Updated

Saddam Hussein's chief lawyer said Sunday he plans to publish a book in the coming year disclosing secret information about the executed Iraqi leader.

"Any lawyer who worked on such a big case has the right to write his [Saddam's] diary," said Khalil al-Dulaimi, a Baghdad attorney, who served as Saddam's confidante and main legal counsel since the deposed dictator's interrogation by U.S. and Iraqi authorities on June 14, 2005.

Al-Dulaimi said his book would "clear up some points about facts that haven't yet been announced." He would not say whether he had already started writing the book but said he would reprint as many as 300 personal letters, poems and other miscellaneous works written by the deposed leader.

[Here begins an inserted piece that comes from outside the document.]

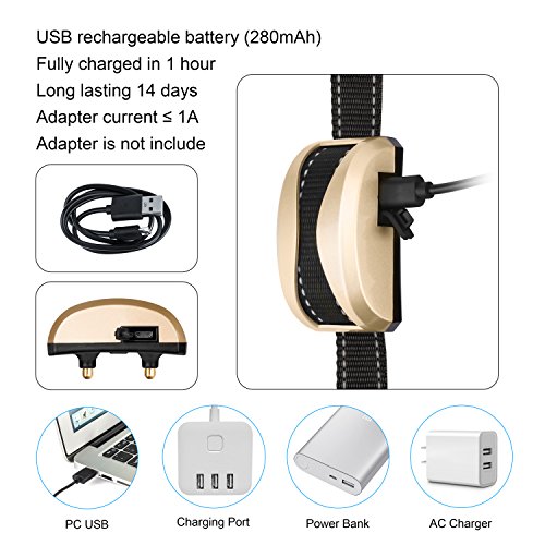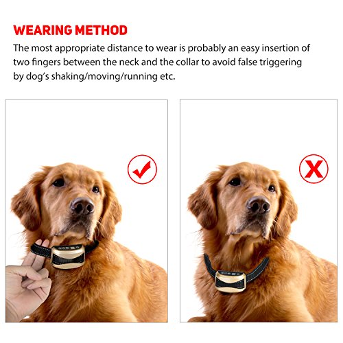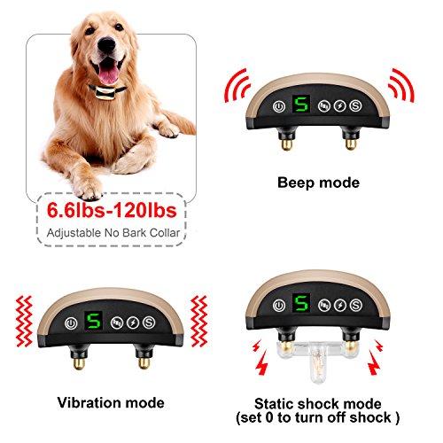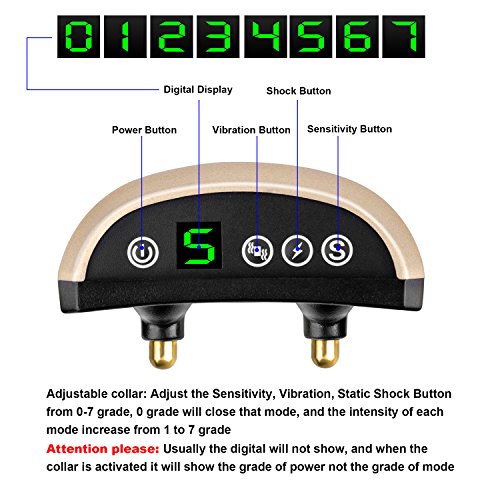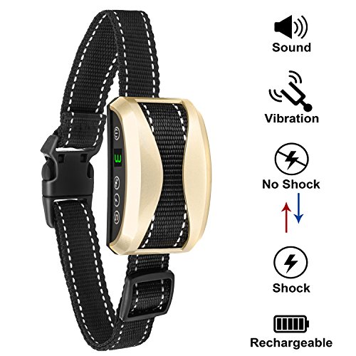 Guaranteed purchase: We offer a 100% Satisfaction Guarantee! If for any reason our product doesn't meet your standards, just send it back our way for a replacement or a full refund!? Discover What You Can Do Right Now About Your Dog's Barking Has your dog's barking gotten out of control? If you're nodding, KEEP READING! Dog Parents, Your Attention, Please: Anti-Bark Technology Is Now Perfected Here's What Makes Our Barking Silencer So Special: -- Thanks to its high-tech automatic sensor , our collar will administer one of the 3 HUMANE modes (beep, vibration, static shock), as you have preset, when your dog's (and not another dog's!) barking reaches a certain frequency. Once your fluffy friend stops barking, the collar will be deactivated. -- And what if your dog is in an emergency? Featuring an ingenious automatic protection mode, this barking deterrent will stop working if it's activated 7 times within 1 minute! --Digital display, the digital tube shows the gears of vibration ,shock and sensitivity, each mode you can feel free to switch. Usually the digital will not show, and when the collar is activated or you press the button will show . --Rainproof collar, that is suitable for all of your dog's indoor and outdoor activities. -- Safe Reflective Strip, that allows you to keep an eye on your dog even in low visibility and also can protects your dog's life from cars etc. -- CE ROSH certificated Rechargeable Battery!!! Specifications: -- Item Size: 2.6*1.5*1 inch -- Collar Length: Max 21.5 inch, Min 3.7 inch -- Item weight: 2.5 oz -- Package weight: 4.9 oz Package Includes: -- 1 x No bark receiver -- 1 x Adjustable nylon collar -- 1 x Test light -- 1 x USB link -- 1x User manual 0
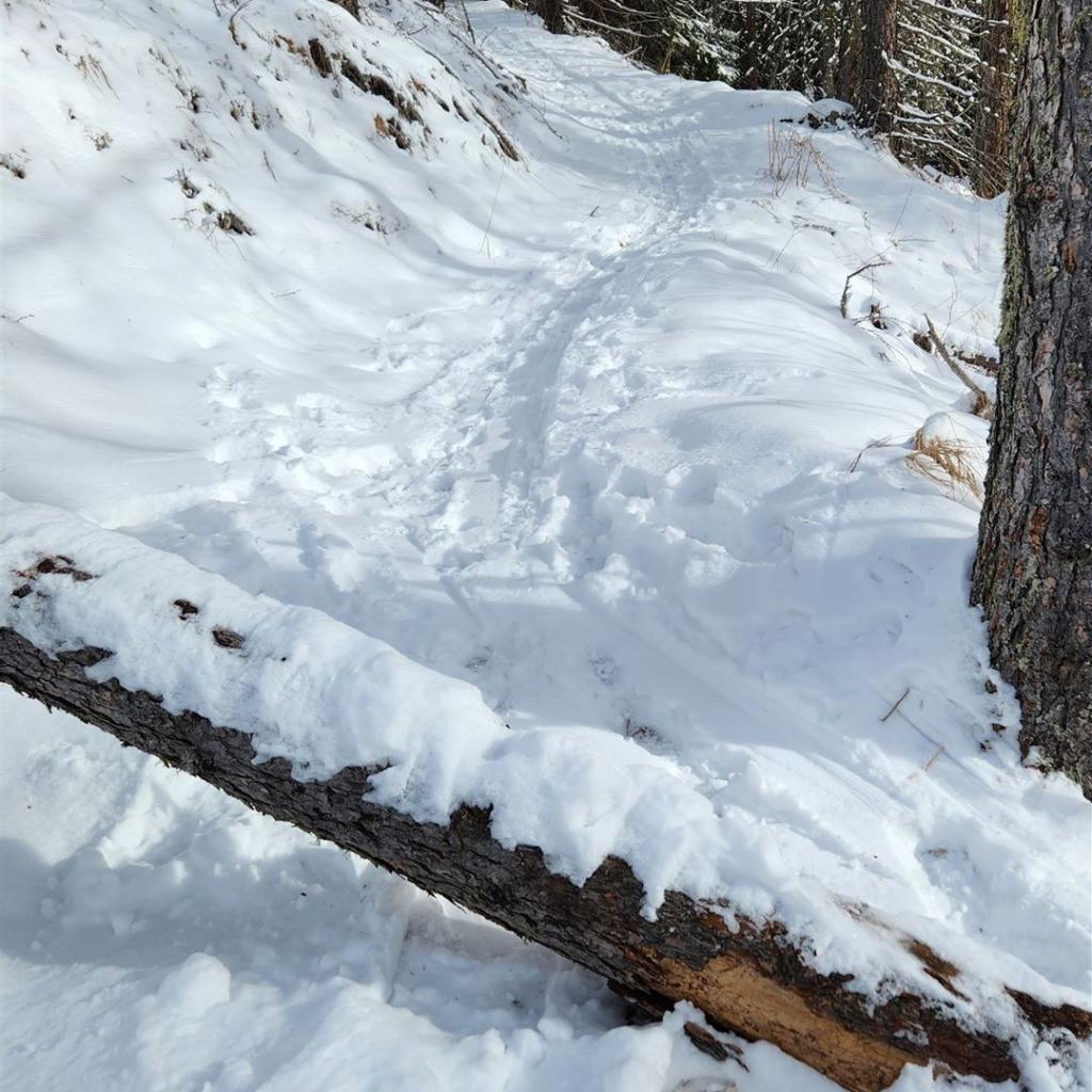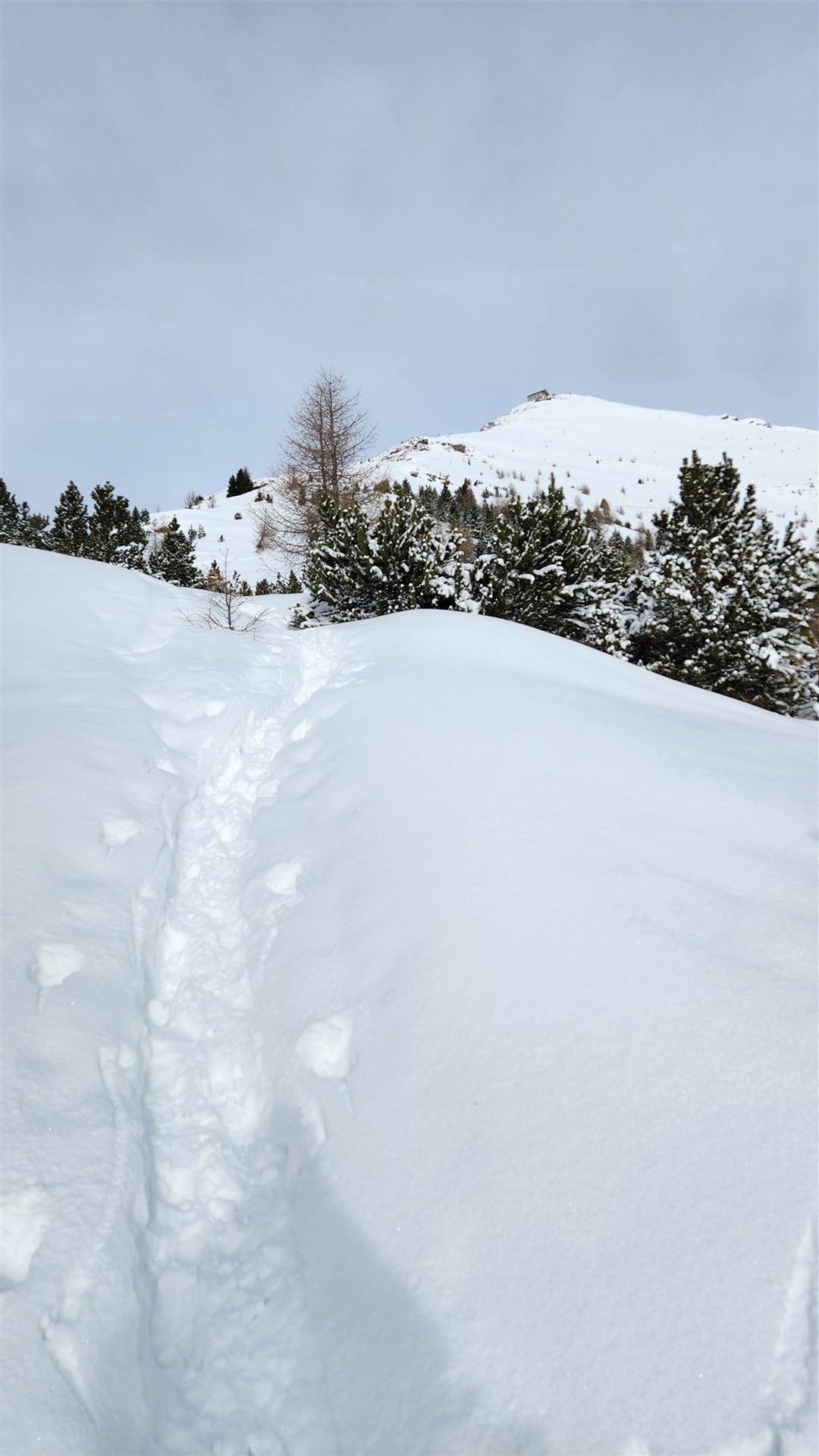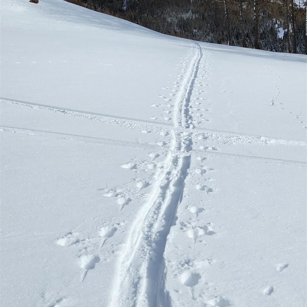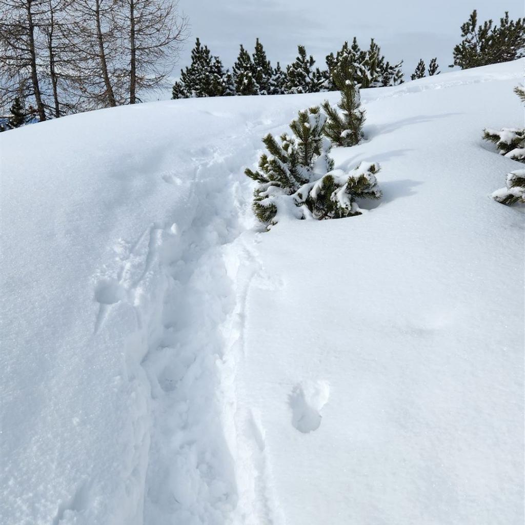 Da tauchte plötzlich doch noch ein weiterer Tourengeher am Gipfel auf und der kannte die Örtlichkeit. Er wusste, dass der unberührte Hang im Osten fahrbar war und auch auf den Ziehweg zum Skigebiet führt. Lawinengefahr herrschte keine und so kam ich unerwartet in den Genuss einer zwar kurzen, aber von den Konditionen her perfekten Tiefschneeabfahrt.

"I will write everything about the court, the Americans, and the way they used to treat him," al-Dulaimi said in a telephone interview.

"I'm also going to talk about how Baghdad fell at the hands of Americans and the way they entered and captured Baghdad," he added.

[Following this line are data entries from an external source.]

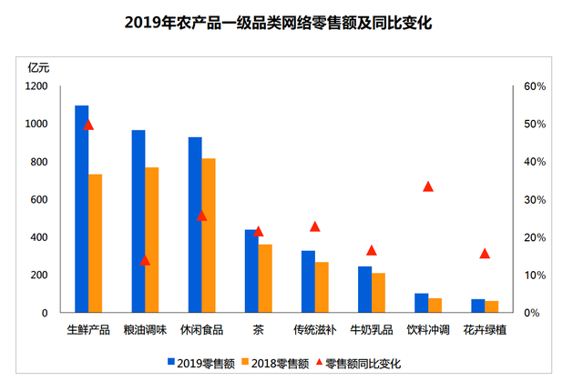 近日,在農業農村部市場與信息化司的指導與支持下,中國農業科學院農業信息研究所發布《中國農產品網絡零售市場暨重點單品分析報告》(以下簡稱《報告》)。報告針對全國農產品網絡零售市場進行分析,其中2019年生鮮產品網絡零售額突破1094.9億元,成為農產品上行第一大品類,網絡零售量同比增加78.4%。
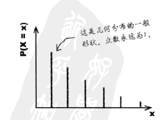 几何分布的图像是一个x轴为r,y轴为P的递减曲线,其一个特点是:任何几何分布的众数都永远是1。因为可能性最大的情况始终是:仅尝试一次即可获得成功。
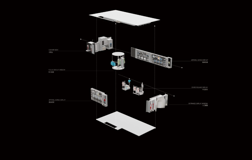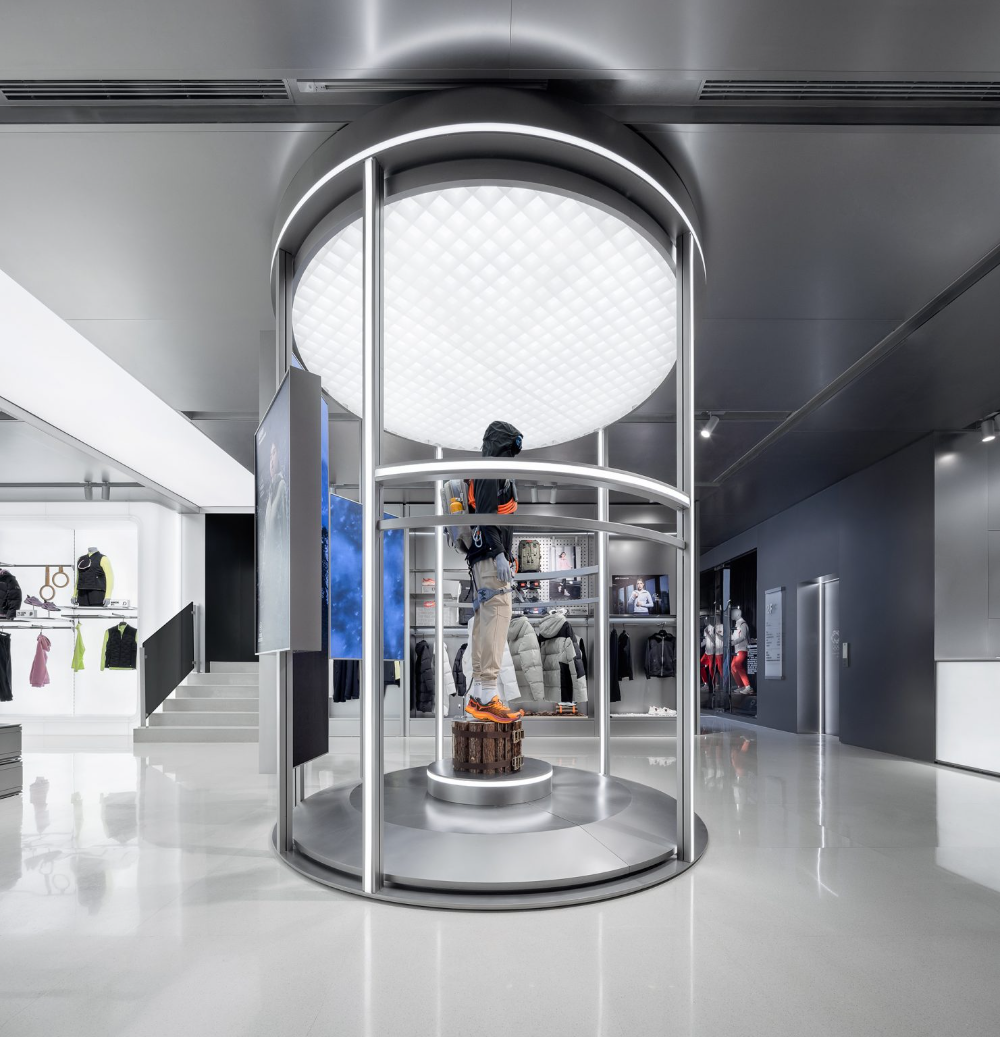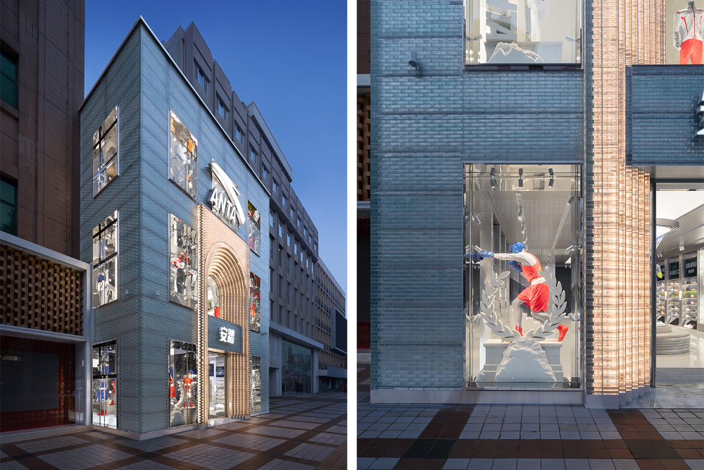 The store consists of over 500 square meters of three story space, themed around Olympics and technology, creating a futuristic and fashionable sports space. The exterior design extracts localized elements, based on the ancient material of bricks, and integrates a sense of technology to evolve into transparent glass bricks. This element has also become one of the main themes of the space. The imagery of the central arch blends the spirit of Olympic sports, combining the Beijing Desheng Arch with the Paris Arc de Triomphe. The unique runway design symbolizes the light of victory, and the nine storefront models on the front present a podium with a spotlight effect, representing the close connection between the brand and the Olympics and interpreting ANTA's brand personality of "KEEP MOVING" that never stops.
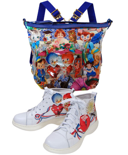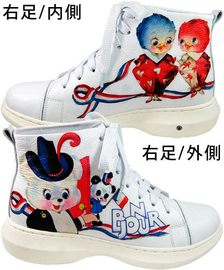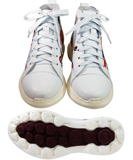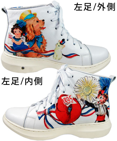 小さな子供が、履く靴の大人版のイメージ バッグシリーズで人気のコラージュプリントをハイカットスニーカーで表現しました。 左右足の内外でプリント柄が異なる遊び心のあるユニークなデザイン。 バッグとコーディネートをして、更にアップグレードした装いをお楽しみ下さい。 ソールに空気循環機能付いているので、歩く度に空気が靴の中を循環し、歩行時の衝撃の緩和と湿気を軽減します。
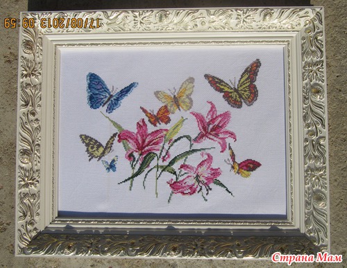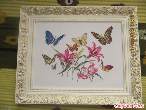 Когда лежала в январе в больнице с дочкой начала вышивать эту работу, а вернувшись забросила её. И вот сейчас опять вспомнила про своих бабочек и решила закончить. Вышивалось на одном дыхании. Это набор от Чудесная игла под названием Лилии и бабочки, но я называю эту работу На крыльях счастья.

Saddam was sentenced to death last November for the killing of 148 Shiites in Dujail after a 1982 attempt to assassinate him. He was executed on Dec. 30, 2006 in an unruly scene that brought worldwide criticism of the Iraqi government. Video of the execution, recorded on a cell phone camera, showed the former dictator being taunted as he stood with a noose around his neck on the gallows.